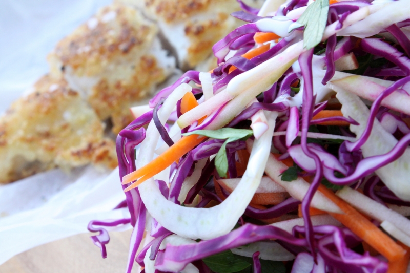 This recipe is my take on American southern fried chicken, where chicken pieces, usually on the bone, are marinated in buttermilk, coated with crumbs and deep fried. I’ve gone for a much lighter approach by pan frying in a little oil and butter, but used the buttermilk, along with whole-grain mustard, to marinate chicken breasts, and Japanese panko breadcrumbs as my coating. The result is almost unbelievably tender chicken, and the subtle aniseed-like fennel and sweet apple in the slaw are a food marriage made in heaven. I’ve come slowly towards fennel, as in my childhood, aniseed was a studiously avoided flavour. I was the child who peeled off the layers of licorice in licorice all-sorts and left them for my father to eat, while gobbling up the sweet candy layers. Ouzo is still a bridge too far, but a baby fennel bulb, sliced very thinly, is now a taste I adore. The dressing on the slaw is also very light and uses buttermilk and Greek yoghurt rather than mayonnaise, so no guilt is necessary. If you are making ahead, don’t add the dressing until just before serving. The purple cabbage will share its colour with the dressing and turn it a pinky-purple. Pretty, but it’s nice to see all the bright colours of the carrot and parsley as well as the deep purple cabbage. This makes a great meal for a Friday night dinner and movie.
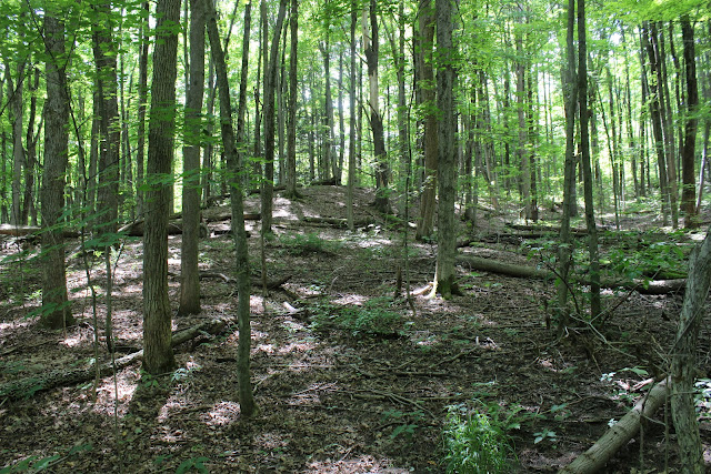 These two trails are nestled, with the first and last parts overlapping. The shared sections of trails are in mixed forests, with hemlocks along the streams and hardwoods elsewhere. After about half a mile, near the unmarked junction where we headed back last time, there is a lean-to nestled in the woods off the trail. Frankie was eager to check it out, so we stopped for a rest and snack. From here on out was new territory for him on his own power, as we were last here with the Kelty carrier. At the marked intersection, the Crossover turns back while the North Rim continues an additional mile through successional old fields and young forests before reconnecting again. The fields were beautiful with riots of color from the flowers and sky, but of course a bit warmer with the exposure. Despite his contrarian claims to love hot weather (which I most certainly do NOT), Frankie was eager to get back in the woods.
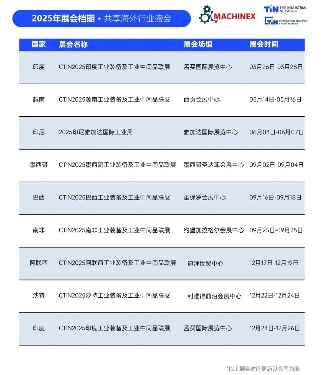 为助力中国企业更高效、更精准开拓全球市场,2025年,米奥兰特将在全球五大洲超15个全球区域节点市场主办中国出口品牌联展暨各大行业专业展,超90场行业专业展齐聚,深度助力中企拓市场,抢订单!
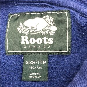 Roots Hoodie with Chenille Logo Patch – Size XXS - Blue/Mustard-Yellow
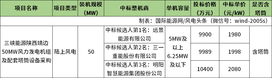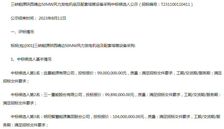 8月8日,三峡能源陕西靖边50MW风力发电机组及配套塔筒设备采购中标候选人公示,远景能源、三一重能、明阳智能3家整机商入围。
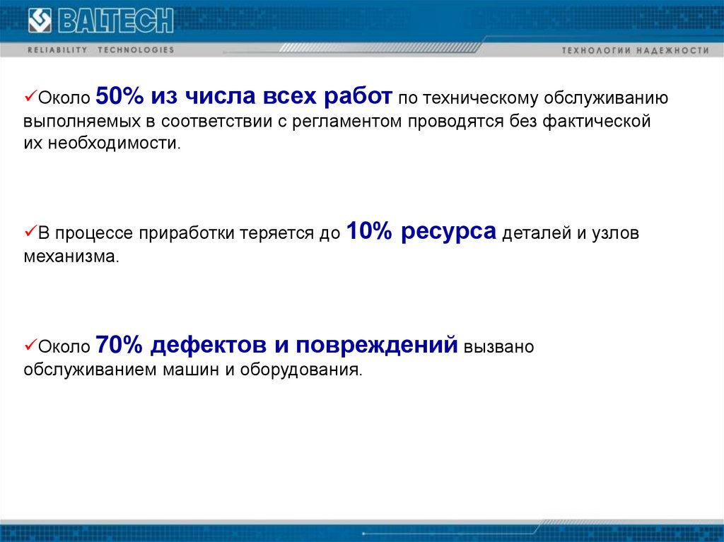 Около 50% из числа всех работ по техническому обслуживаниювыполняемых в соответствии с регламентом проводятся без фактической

...

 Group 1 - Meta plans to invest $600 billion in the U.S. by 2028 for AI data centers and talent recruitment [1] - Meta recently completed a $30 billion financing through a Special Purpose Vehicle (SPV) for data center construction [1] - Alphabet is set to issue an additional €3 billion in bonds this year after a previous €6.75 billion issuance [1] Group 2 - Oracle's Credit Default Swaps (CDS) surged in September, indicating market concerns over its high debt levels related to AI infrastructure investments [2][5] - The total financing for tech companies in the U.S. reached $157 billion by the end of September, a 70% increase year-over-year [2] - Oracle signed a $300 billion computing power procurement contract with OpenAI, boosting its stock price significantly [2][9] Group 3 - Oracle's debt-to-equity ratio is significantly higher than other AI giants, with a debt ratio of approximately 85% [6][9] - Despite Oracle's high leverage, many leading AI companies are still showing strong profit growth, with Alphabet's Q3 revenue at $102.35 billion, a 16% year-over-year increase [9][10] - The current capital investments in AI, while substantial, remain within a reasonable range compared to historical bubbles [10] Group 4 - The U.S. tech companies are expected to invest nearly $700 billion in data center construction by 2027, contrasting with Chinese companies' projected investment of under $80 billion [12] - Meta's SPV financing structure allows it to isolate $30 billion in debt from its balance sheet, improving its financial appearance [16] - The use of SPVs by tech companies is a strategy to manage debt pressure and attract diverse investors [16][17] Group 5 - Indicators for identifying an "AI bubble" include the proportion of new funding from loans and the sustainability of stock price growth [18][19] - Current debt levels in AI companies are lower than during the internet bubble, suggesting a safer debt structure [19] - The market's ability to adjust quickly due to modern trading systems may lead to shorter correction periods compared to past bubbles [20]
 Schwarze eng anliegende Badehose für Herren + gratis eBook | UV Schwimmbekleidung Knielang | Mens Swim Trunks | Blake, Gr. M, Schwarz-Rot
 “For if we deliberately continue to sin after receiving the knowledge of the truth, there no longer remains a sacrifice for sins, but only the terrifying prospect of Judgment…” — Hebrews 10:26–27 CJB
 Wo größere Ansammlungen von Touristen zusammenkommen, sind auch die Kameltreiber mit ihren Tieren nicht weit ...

## What to work on:
When you reach the line holding "Schwarze eng anliegende" in the records above, begin reproducing exactly, stop after the line holding "Wo größere Ansammlungen", and output nothing else.

## Response box:
 Schwarze eng anliegende Badehose für Herren + gratis eBook | UV Schwimmbekleidung Knielang | Mens Swim Trunks | Blake, Gr. M, Schwarz-Rot
 “For if we deliberately continue to sin after receiving the knowledge of the truth, there no longer remains a sacrifice for sins, but only the terrifying prospect of Judgment…” — Hebrews 10:26–27 CJB
 Wo größere Ansammlungen von Touristen zusammenkommen, sind auch die Kameltreiber mit ihren Tieren nicht weit ...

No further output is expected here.